2. Description of the Related Art
A conventional integrated circuit generally includes a support substrate and an element layer formed upon the support substrate. The element layer includes various P-type and N-type doped regions which combine to form active transistor devices. Collector or drain terminals of vertical transistors are brought through buried silicon leadout regions to form ohmic contacts at the surface of the element layer. Electrical isolation between these devices is furnished by various forms of isolation barriers. Conventional techniques for forming collector or drain leadouts and isolation regions significantly decrease integrated circuit capabilities and greatly escalate circuit manufacturing costs.

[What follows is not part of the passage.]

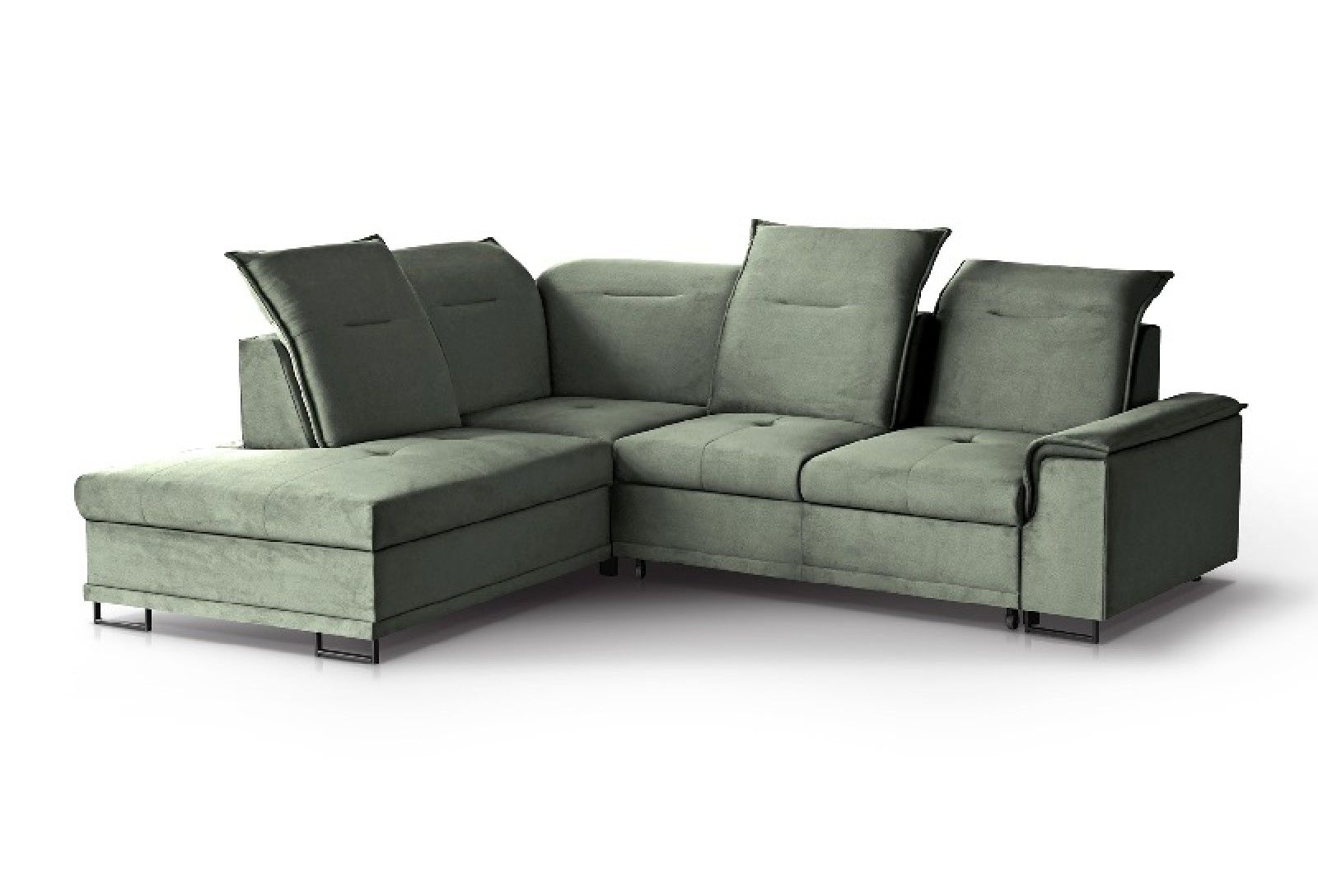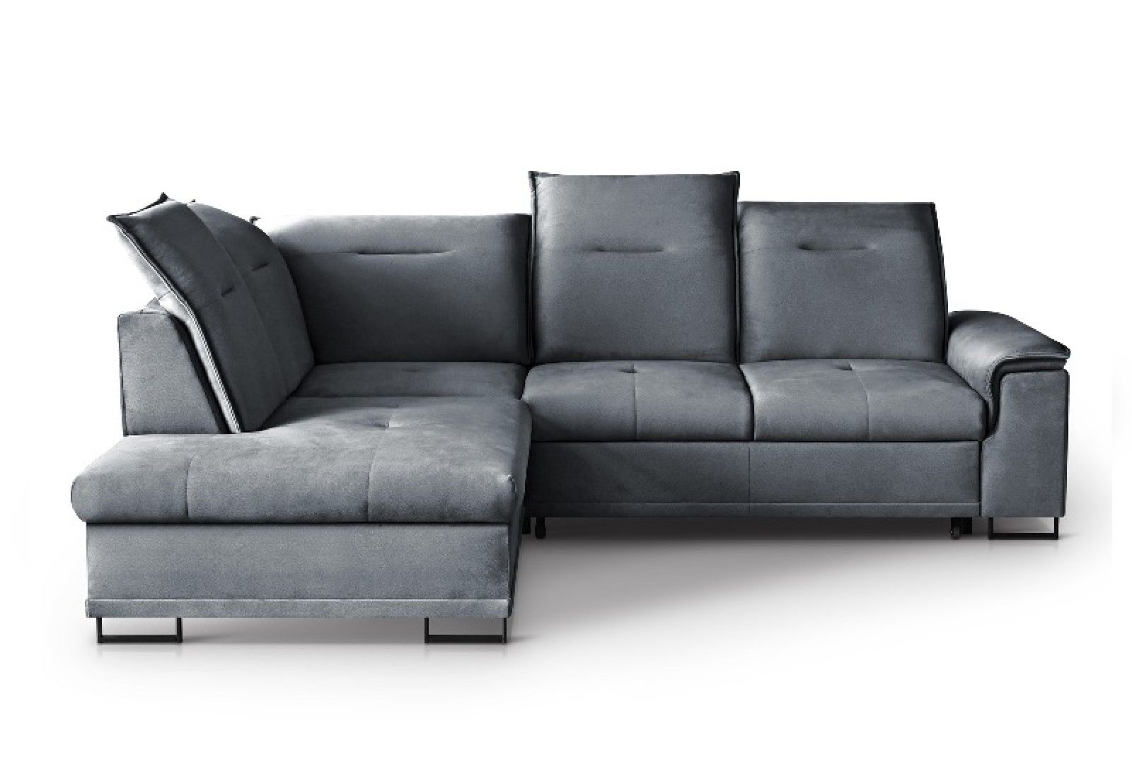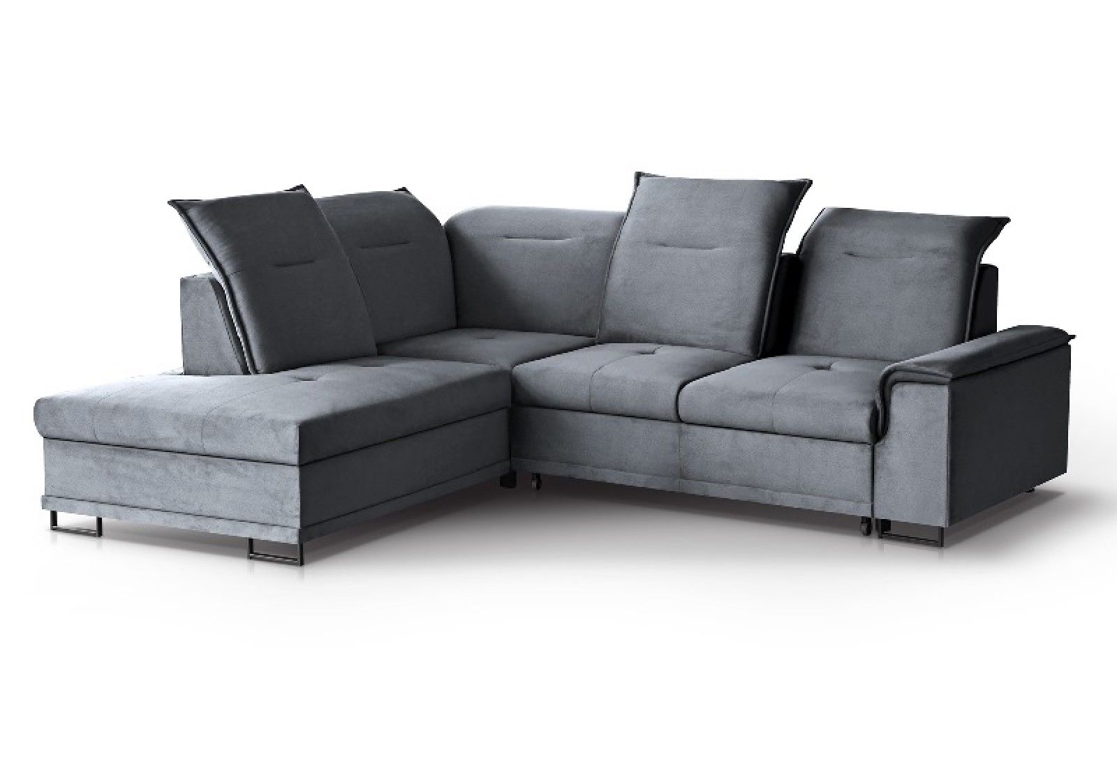 Bruno L je udobna kotna sedežna garnitura z možnostjo nastavitve vzglavnika in hrbtišča.

Transistor performance characteristics are determined by the concentration of ions in the doped regions. For example, performance of vertical transistors is improved by reducing collector or drain leadout resistance since elevated resistance levels degrade output voltage swing and frequency response, waste energy through internal dissipation, and raise the temperature of the device thereby reducing reliability and capacity. To reduce the lateral component of collector or drain leadout resistance, a vertical transistor may incorporate a lightly doped collector or drain region overlying a more heavily doped same-type buried layer region. To reduce the vertical component of collector or drain leadout resistance, a heavily doped plug may be diffused into a surface region and buried beneath a surface collector or drain ohmic region.

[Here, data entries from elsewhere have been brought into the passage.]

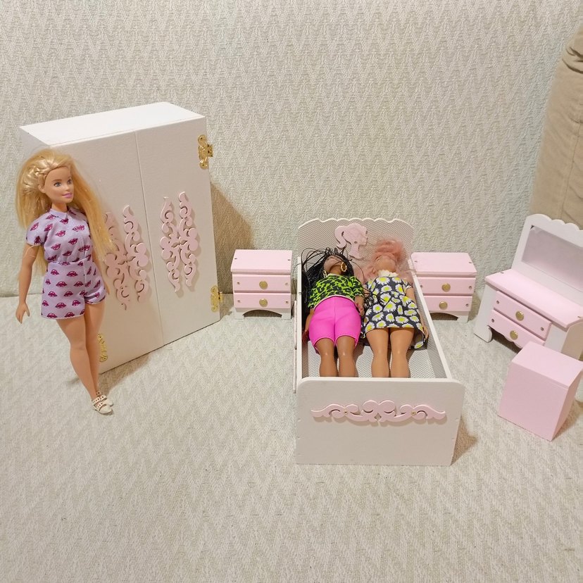 Pastel pembe renkte, bebekler için küçük yatak ve uyumlu komodinlerden oluşan çocuk yatak seti. Mobilyalarda süslü detaylar bulunur. ️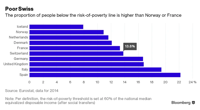 Inicjatorzy programu twierdzą, że wspomniana kwota powinna zapewnić „godną egzystencję”. Obecnie ok. jedna na osiem osób żyje w Szwajcarii poniżej tej granicy. To więcej niż we Francji, Danii i Norwegii. W grupie wiekowej plus 65 aż jedna piąta osób jest zagrożona ubóstwem.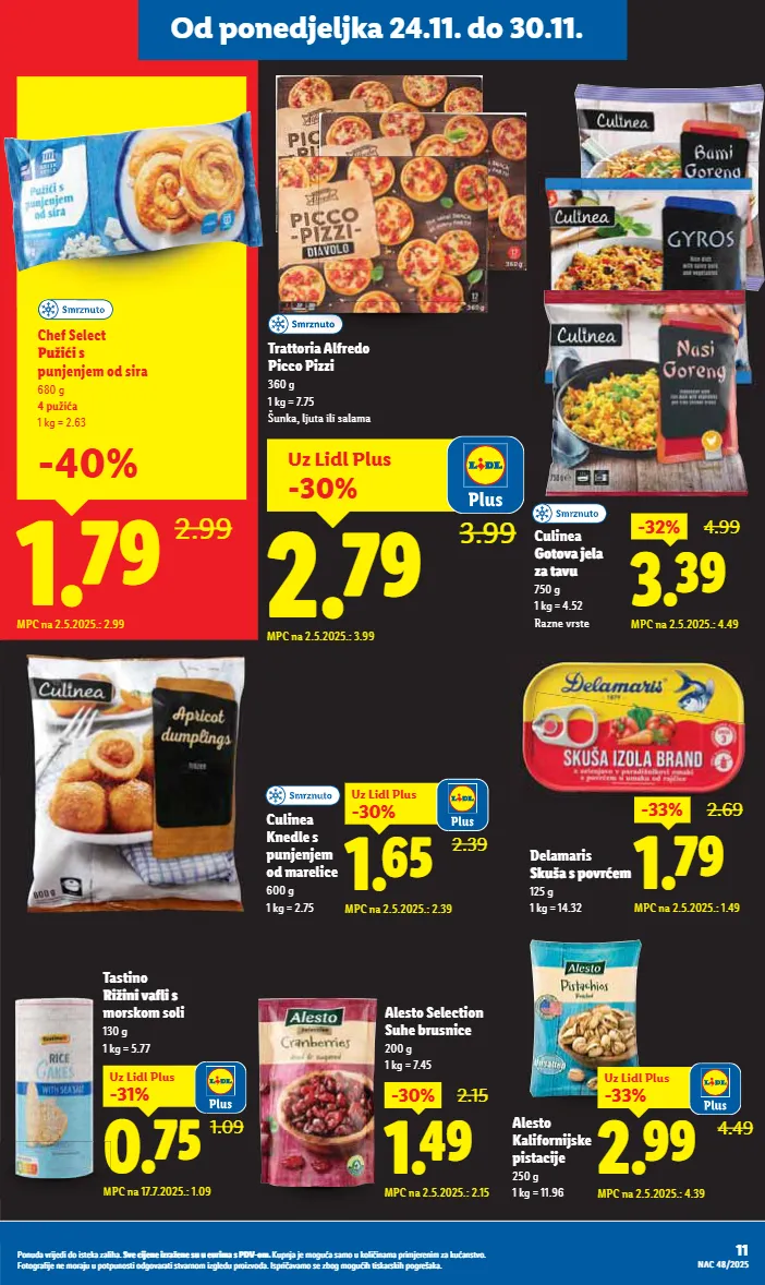 `iÉÎ -30% 2.15 MPC na 2.5.2025.: 2.15 Alesto Selection Suhe brusnice 200 g 1 kg = 7.45 1.09 _iÌÊ -31% Uz Lidl Plus MPC na 17.7.2025.: 1.09 Tastino YÀęÀÙÀĊ·Àó morskom soli 130 g 1 kg = 5.77 Od ponedjeljka 24.11. do 30.11. 4.49 aiÎÎ -33% Uz Lidl Plus MPC na 2.5.2025.: 4.39 Alesto Kalifornijske pistacije 250 g 1 kg = 11.96 M Trattoria Alfredo Picco Pizzi 360 g 1 kg = 7.75 Šunka, ljuta ili salama biÈÎ -32% 4.99 MPC na 2.5.2025.: 4.49 Culinea &àúàĊÌ¨Ò ėúĊÿ 750 g 1 kg = 4.52 Razne vrste 11 ǭàȕȡǼDzĊȝǿȋ¨ǼǿǼàǿóú¨ÏDzėDzȎǿ½Dzı ]Ċ¨ǿȋ¨ȕ¨ǿėȝDzę¨ȕ¨óȡȡ¨ȡȝǿȔDzóǭǞtƖàȔı ;ȡȜȕȋDzȋ¨Ȕà¸ȡDzóDzȔàȡÏàȎǿ ǿȕDzȔDzȜȝǿȔȋ¨ȝ¨ȕǿȔėDzÏȡDzȕóúĊàı %àúà¸ȝDz³ǿȋ¨ȕ¨ȔàȝDzȋȡȡȜàúȜȡȕàóúǿàǼ¸àĊDzȝDzúǿóúĊDzȝȕàȔǿė¸Ȏ¨ǼȡȜȝàǿėĊàǼDzıǢóȜȝǿ DzĊDzȔàó¨ėà¸Ȕà¸ȡǿ½úǿóÏDzȝóÏǿ½Ȝà¸ȝ¨õDzÏDzı DƟƣĮƝƛƝƠ 2.39 `iËÊ -30% Uz Lidl Plus MPC na 2.5.2025.: 2.39 Culinea Knedle s punjenjem od marelice 600 g 1 kg = 2.75 `iÌÎ 2.99 Chef Select VÿęÀÀó punjenjem od sira 680 g ƐìÿęÀ 1 kg = 2.63 MPC na 2.5.2025.: 2.99 -40% `iÌÎ -33% 2.69 MPC na 2.5.2025.: 1.49 Delamaris ]ÏÿõóìàĊï¨Ø 125 g 1 kg = 14.32 Uz Lidl Plus -30% aiÌÎ 3.99 MPC na 2.5.2025.: 3.99

Thus it is apparently desirable to reduce collector or drain lateral leadout resistance as much as possible by doping the buried layer very heavily. However, in a bipolar transistor for example, the maximum collector-to-emitter voltage is determined by the resistivity and thickness of the active collector region between the base and buried layer. Various high temperature processing steps subsequent to doping of the buried layer expands the buried layer by gas phase and solid state diffusion in proportion to the doping level. Heavy doping of the buried layer decreases the width of the active collector region, reducing transistor voltage capability. To increase the transistor voltage capability of a circuit, element layer thickness cannot be increased without limit because the costs of isolating circuit components becomes prohibitive and leadout resistance increases. Voltage and current capability of integrated vertical devices is thus constrained by these factors.
A strategy for reducing collector or drain leadout resistance is sought which does not require heavy doping of the buried layer or the usage of diffused plugs. In one exemplary process, two silicon wafers are bonded using high temperature bonding in which one of the wafers is previously etched and filled with a low resistivity metal or silicide to form a conductive layer. Numerous difficulties arise in the practice of this process. The silicon layer and conductive layer generally have mismatched thermal coefficients of expansion so that the sustained high temperatures to which the layers are subjected during bonding and subsequent processing cause stresses that result in junction leakage. In addition, the sustained high temperatures cause diffusion of metallic impurities, for example, from the conductive layer into the silicon layer, resulting in reduced minority carrier lifetime and junction leakage.